▸ **Aim of the exercise**
Every line below from the one with "タロットは「ウエイト版」、ル" through the one with "A Secretaria de" is to be repeated exactly, with no picture among them.
[[ Records for this exercise, beginning ]]
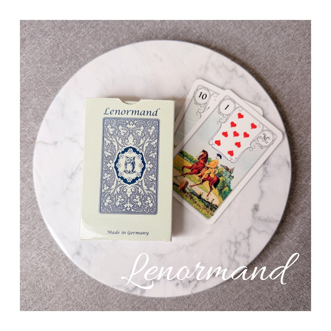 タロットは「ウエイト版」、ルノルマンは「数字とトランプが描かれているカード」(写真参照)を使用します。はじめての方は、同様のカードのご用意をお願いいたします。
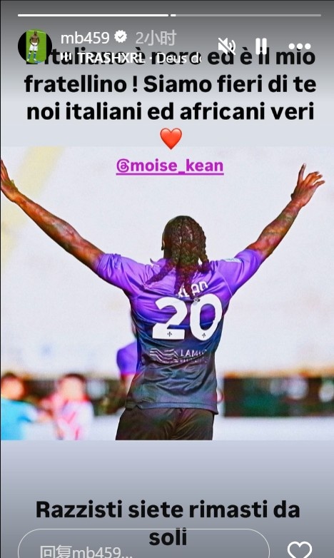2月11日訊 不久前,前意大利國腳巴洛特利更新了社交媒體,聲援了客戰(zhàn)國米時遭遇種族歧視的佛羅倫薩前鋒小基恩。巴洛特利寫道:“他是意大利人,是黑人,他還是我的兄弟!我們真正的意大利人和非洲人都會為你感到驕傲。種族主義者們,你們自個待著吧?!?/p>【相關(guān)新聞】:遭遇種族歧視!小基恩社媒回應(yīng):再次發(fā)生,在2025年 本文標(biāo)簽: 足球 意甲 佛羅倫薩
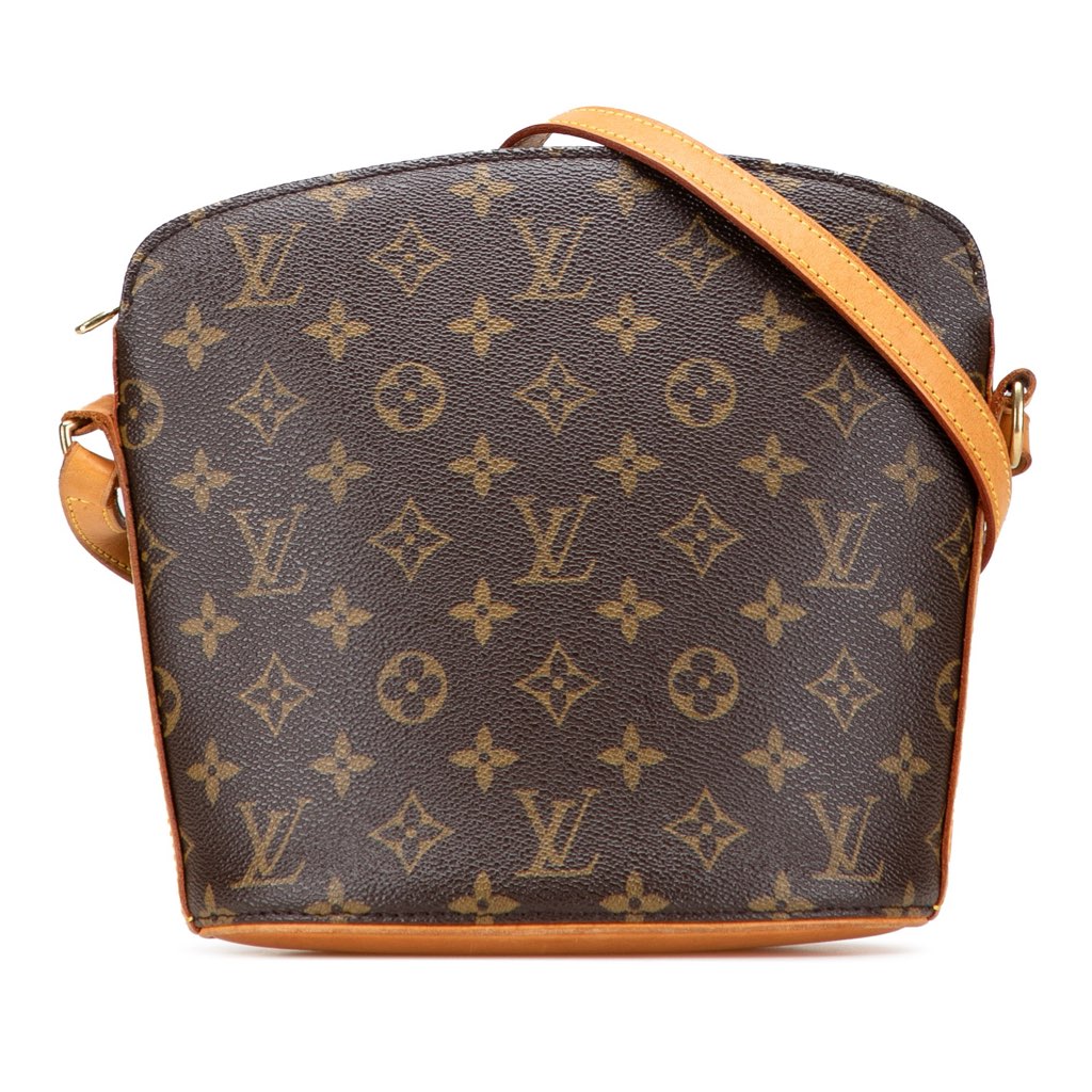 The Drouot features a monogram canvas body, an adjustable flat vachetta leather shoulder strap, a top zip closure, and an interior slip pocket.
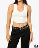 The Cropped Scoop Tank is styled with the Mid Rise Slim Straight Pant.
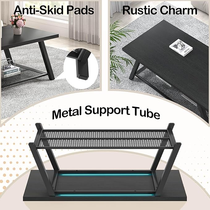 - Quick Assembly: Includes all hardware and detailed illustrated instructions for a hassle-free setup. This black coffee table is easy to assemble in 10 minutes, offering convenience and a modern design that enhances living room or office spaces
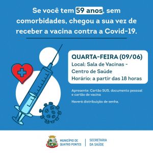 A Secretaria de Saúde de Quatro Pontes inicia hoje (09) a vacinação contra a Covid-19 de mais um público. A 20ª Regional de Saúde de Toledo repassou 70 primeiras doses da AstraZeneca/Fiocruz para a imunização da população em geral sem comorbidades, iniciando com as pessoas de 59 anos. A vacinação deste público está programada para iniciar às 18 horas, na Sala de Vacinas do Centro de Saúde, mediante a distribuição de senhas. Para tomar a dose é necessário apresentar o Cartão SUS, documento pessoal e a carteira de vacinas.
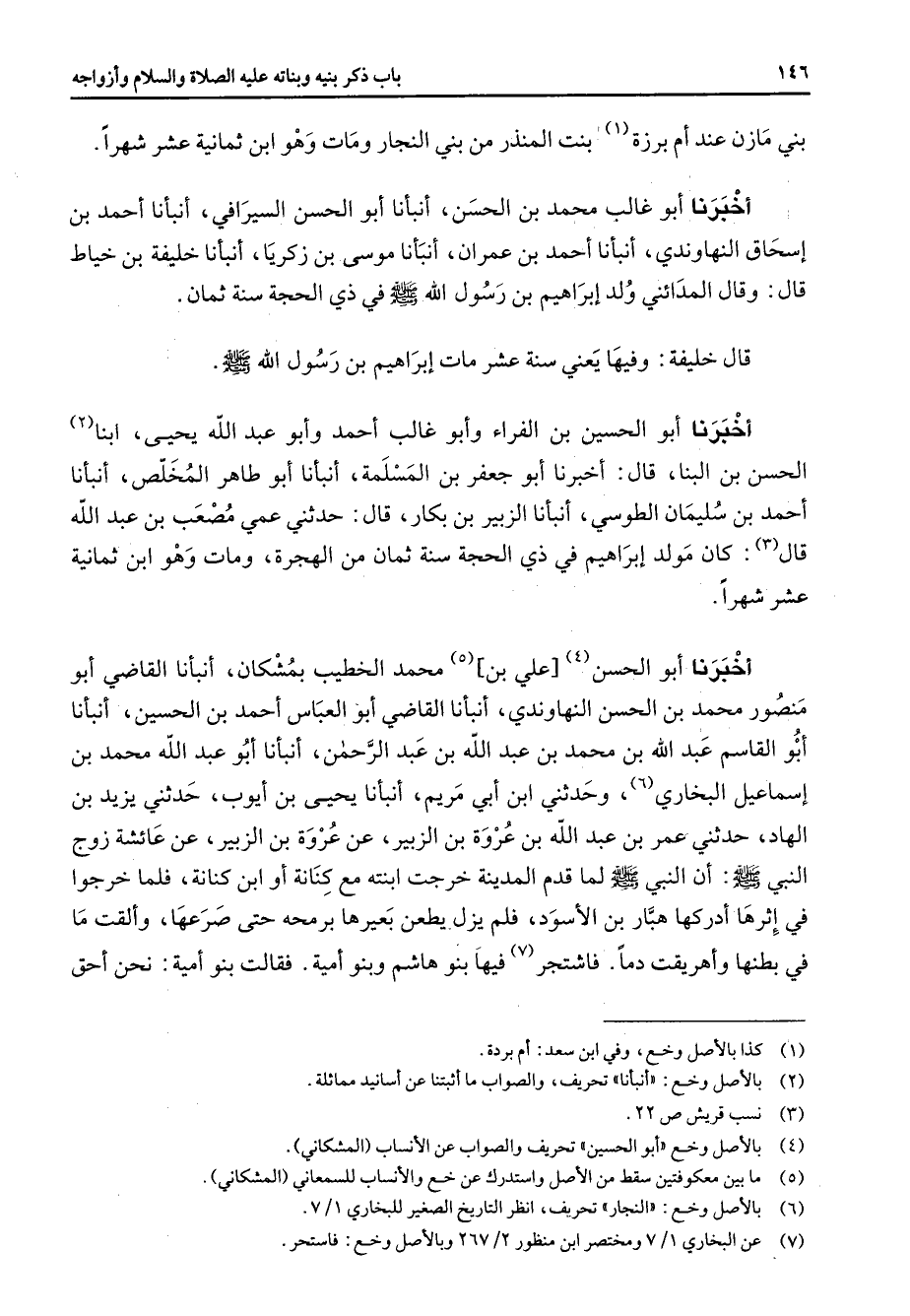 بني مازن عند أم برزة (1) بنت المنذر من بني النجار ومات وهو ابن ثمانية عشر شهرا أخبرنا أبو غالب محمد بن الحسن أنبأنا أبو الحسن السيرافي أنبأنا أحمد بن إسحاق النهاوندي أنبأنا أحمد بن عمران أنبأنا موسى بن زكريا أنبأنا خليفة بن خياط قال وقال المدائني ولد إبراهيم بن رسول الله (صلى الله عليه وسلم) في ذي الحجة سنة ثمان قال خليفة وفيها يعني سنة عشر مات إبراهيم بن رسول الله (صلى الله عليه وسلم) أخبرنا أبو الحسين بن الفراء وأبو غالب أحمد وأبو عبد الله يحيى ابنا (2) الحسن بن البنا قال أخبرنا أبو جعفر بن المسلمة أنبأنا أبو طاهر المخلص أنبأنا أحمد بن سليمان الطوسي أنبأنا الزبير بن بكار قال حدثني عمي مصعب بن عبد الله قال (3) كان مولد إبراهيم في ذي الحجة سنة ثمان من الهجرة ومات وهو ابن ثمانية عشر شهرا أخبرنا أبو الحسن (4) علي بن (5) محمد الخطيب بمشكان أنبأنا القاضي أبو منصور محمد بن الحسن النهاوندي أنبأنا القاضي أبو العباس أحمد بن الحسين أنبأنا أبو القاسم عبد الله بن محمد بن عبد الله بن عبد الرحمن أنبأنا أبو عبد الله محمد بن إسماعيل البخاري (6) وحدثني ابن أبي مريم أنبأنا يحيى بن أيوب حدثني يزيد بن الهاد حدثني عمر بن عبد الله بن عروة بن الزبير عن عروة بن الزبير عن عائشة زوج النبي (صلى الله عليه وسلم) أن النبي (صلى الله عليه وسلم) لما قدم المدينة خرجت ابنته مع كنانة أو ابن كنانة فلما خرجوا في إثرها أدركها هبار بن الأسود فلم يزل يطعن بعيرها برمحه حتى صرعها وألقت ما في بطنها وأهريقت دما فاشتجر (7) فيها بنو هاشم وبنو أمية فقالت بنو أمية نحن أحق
[[ Records for this exercise, end ]]
[[ Records for this exercise, beginning ]]
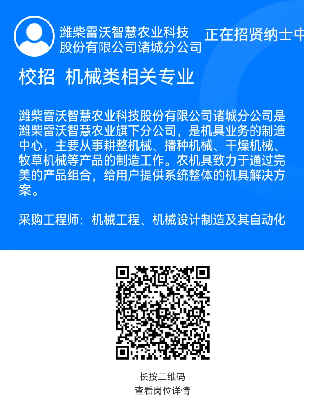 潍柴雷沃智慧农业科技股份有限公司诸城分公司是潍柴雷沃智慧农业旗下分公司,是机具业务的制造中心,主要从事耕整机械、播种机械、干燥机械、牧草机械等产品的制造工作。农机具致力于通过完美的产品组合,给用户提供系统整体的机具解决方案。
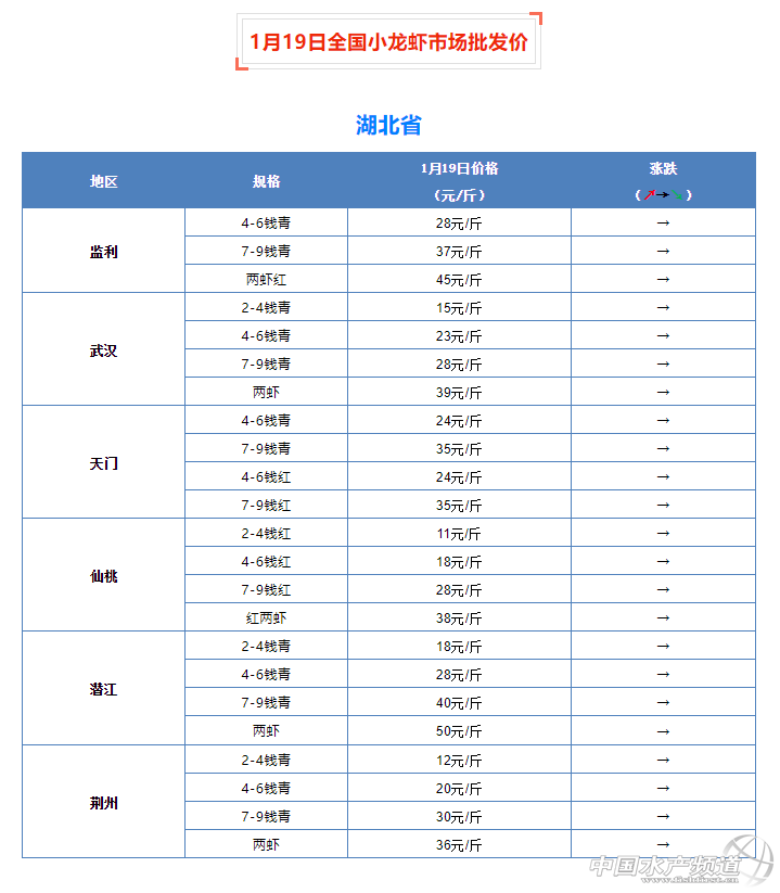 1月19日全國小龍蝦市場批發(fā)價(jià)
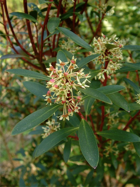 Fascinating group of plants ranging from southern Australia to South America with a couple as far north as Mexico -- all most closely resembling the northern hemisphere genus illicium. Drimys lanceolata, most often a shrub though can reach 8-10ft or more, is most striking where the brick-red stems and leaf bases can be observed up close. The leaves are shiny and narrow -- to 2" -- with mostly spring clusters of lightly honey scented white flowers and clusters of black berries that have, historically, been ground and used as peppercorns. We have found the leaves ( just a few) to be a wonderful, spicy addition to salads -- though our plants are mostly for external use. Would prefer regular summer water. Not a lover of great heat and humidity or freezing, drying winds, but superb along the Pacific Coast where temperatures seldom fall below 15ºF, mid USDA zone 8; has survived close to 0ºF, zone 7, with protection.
[[ Records for this exercise, end ]]
▸ **Expected answer**
 タロットは「ウエイト版」、ルノルマンは「数字とトランプが描かれているカード」(写真参照)を使用します。はじめての方は、同様のカードのご用意をお願いいたします。
2月11日訊 不久前,前意大利國腳巴洛特利更新了社交媒體,聲援了客戰(zhàn)國米時遭遇種族歧視的佛羅倫薩前鋒小基恩。巴洛特利寫道:“他是意大利人,是黑人,他還是我的兄弟!我們真正的意大利人和非洲人都會為你感到驕傲。種族主義者們,你們自個待著吧?!?/p>【相關(guān)新聞】:遭遇種族歧視!小基恩社媒回應(yīng):再次發(fā)生,在2025年 本文標(biāo)簽: 足球 意甲 佛羅倫薩
 The Drouot features a monogram canvas body, an adjustable flat vachetta leather shoulder strap, a top zip closure, and an interior slip pocket.
 The Cropped Scoop Tank is styled with the Mid Rise Slim Straight Pant.
 - Quick Assembly: Includes all hardware and detailed illustrated instructions for a hassle-free setup. This black coffee table is easy to assemble in 10 minutes, offering convenience and a modern design that enhances living room or office spaces
 A Secretaria de Saúde de Quatro Pontes inicia hoje (09) a vacinação contra a Covid-19 de mais um público. A 20ª Regional de Saúde de Toledo repassou 70 primeiras doses da AstraZeneca/Fiocruz para a imunização da população em geral sem comorbidades, iniciando com as pessoas de 59 anos. A vacinação deste público está programada para iniciar às 18 horas, na Sala de Vacinas do Centro de Saúde, mediante a distribuição de senhas. Para tomar a dose é necessário apresentar o Cartão SUS, documento pessoal e a carteira de vacinas.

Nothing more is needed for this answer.